**WHAT THE EXERCISE ASKS**
Starting at the line below holding "STEAL ALERT! FiveThirtyEight" and stopping at the line holding "The toddlers have", print every line exactly, both ends included, and leave the rest out.

**RECORDS FOR THE TASK**

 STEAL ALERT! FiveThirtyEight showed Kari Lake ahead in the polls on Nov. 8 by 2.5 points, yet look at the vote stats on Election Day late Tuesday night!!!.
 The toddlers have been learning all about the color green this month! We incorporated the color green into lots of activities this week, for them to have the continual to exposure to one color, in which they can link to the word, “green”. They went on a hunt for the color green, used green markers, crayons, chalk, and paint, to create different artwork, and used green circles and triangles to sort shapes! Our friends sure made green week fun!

--

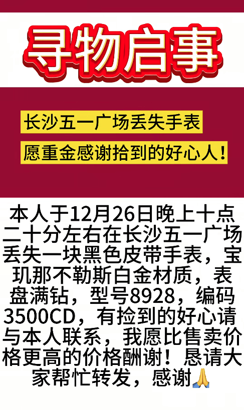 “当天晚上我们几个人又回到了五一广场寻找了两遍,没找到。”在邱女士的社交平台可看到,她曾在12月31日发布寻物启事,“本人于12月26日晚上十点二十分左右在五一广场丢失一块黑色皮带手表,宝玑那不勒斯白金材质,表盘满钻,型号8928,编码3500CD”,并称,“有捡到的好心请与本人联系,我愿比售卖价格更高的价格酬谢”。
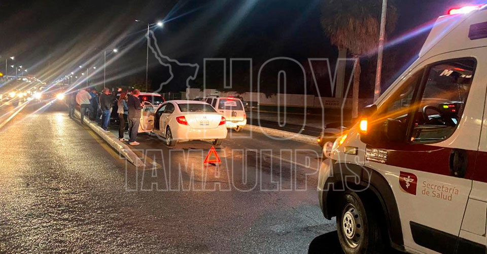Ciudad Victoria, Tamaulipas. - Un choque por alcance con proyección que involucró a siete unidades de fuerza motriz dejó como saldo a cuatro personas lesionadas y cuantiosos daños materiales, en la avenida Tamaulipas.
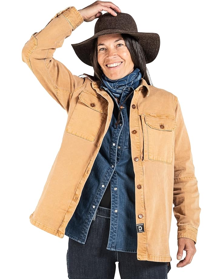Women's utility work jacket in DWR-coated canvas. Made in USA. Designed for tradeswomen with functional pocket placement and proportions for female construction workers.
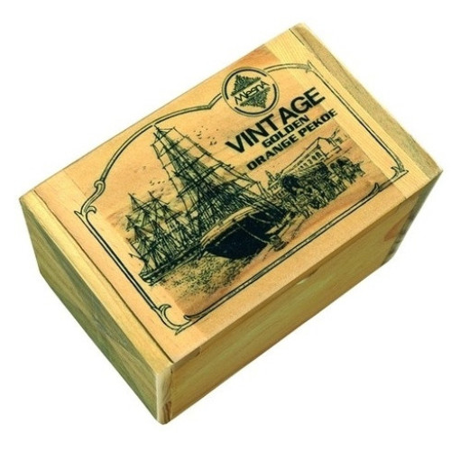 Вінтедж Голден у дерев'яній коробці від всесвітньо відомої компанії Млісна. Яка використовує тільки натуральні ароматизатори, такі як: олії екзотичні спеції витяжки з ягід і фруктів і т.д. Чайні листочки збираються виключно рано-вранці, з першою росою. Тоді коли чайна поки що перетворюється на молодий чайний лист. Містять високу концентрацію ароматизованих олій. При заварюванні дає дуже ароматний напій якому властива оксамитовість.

**TASK RESPONSE**
 STEAL ALERT! FiveThirtyEight showed Kari Lake ahead in the polls on Nov. 8 by 2.5 points, yet look at the vote stats on Election Day late Tuesday night!!!.
 The toddlers have been learning all about the color green this month! We incorporated the color green into lots of activities this week, for them to have the continual to exposure to one color, in which they can link to the word, “green”. They went on a hunt for the color green, used green markers, crayons, chalk, and paint, to create different artwork, and used green circles and triangles to sort shapes! Our friends sure made green week fun!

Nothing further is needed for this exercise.